(Exercise prompt): All records are to be restated word for word, with pictures excluded.

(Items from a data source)
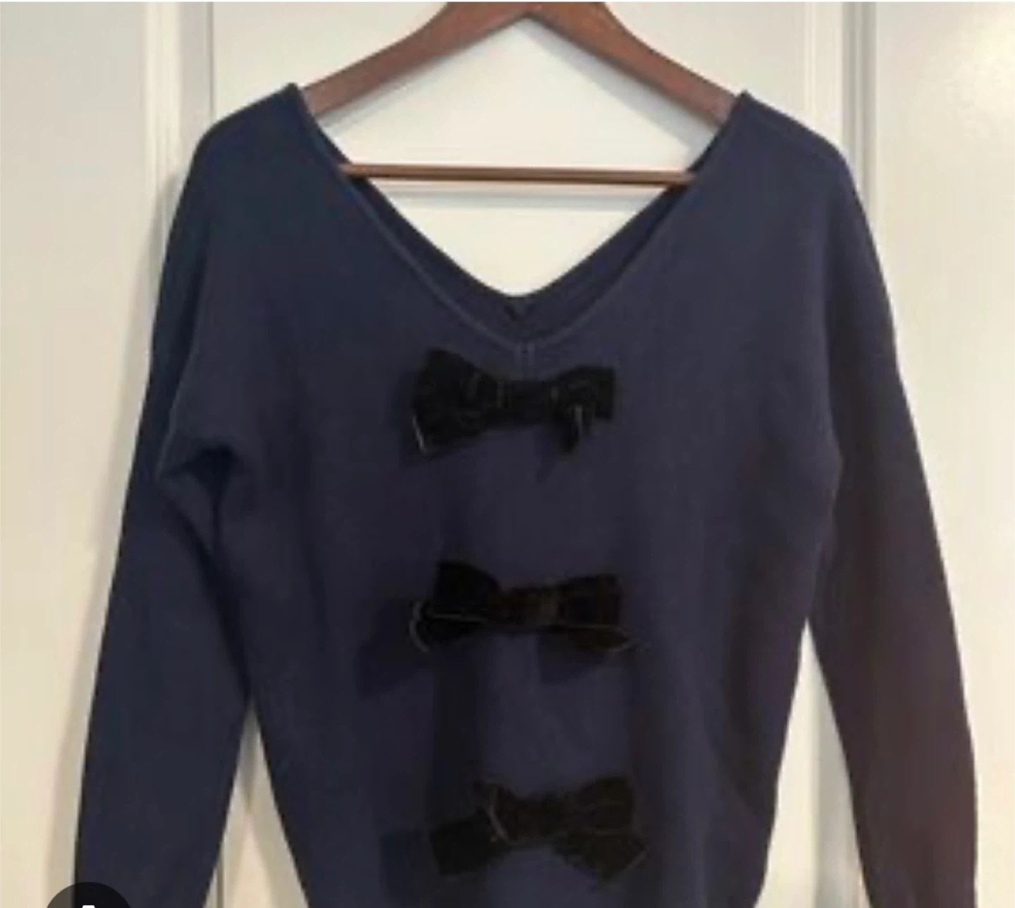 Molly Bracken Navy Blue V-Neck Bow Sweater - xs/small
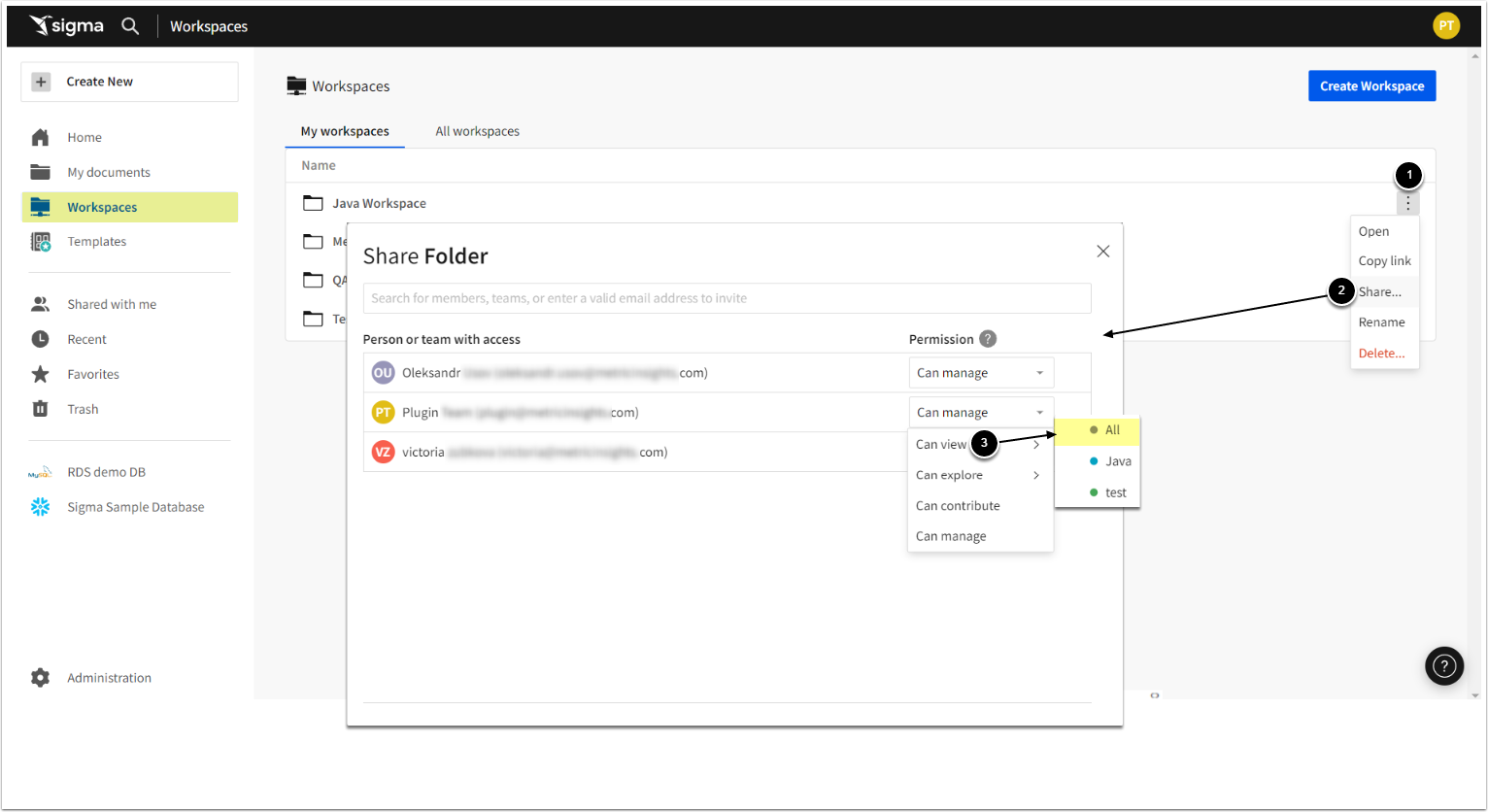 2. Share Workspaces
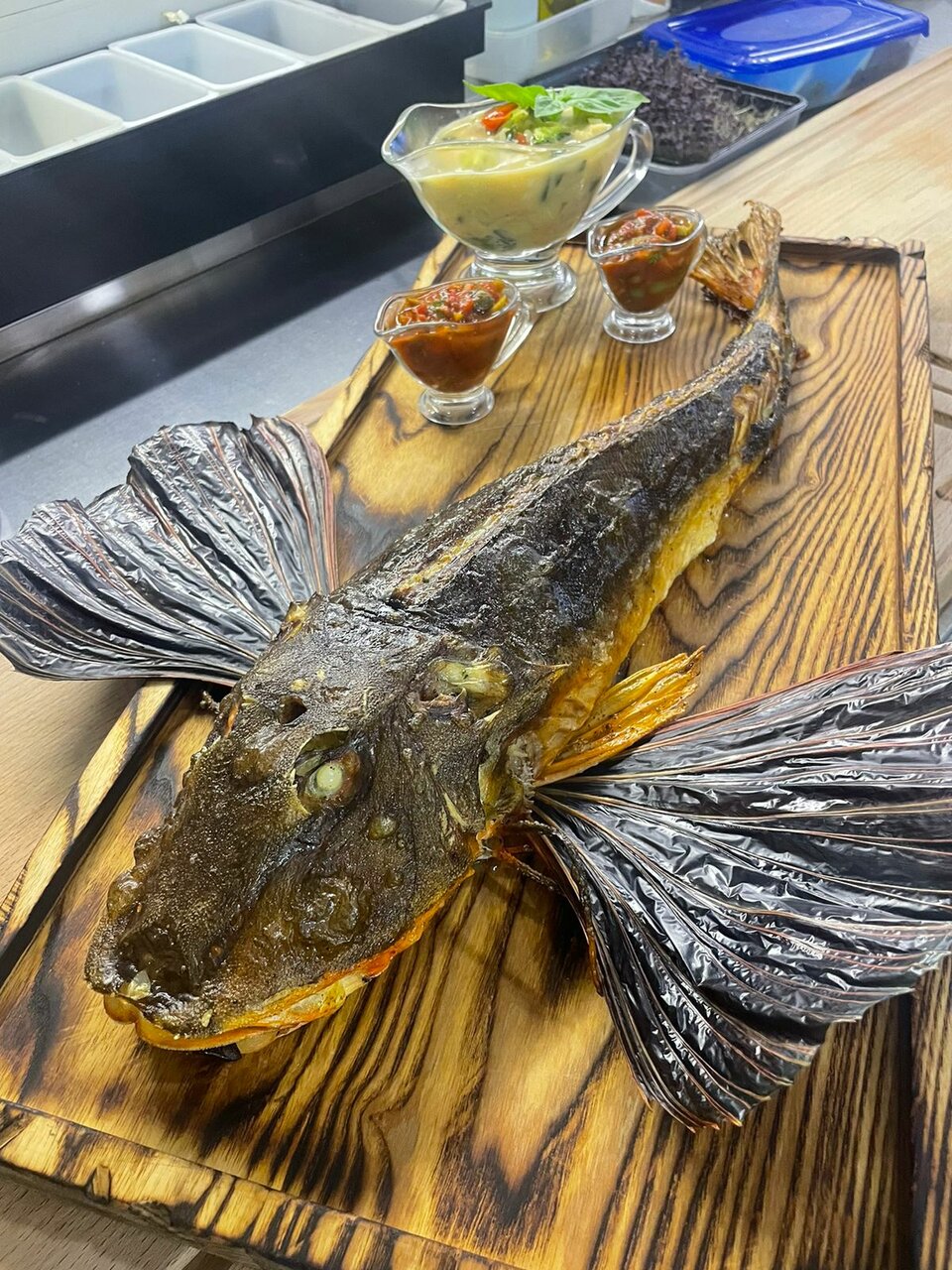 Прекрасная кухня. Блюда интересные и не тяжелые. Щи с ананасами просто отпад. Дорого.
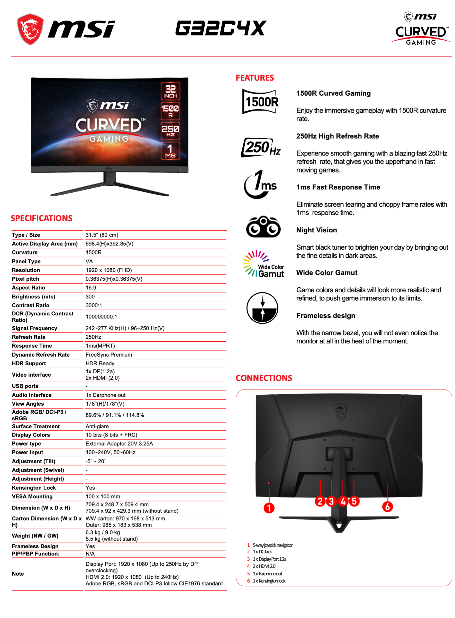| Kết nối | 1x DP(1.2a) / 2x HDMI (2.0) |
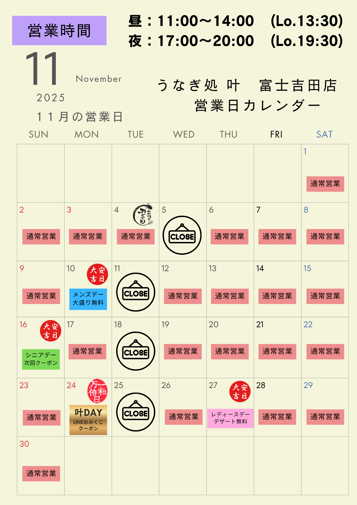 11月よりメンズDAY・レディースDAY・シニアDAY・叶DAYの4つのDAYイベントがスタートします!

(Written answer):
 Molly Bracken Navy Blue V-Neck Bow Sweater - xs/small
 2. Share Workspaces
 Прекрасная кухня. Блюда интересные и не тяжелые. Щи с ананасами просто отпад. Дорого.
| Kết nối | 1x DP(1.2a) / 2x HDMI (2.0) |
 11月よりメンズDAY・レディースDAY・シニアDAY・叶DAYの4つのDAYイベントがスタートします!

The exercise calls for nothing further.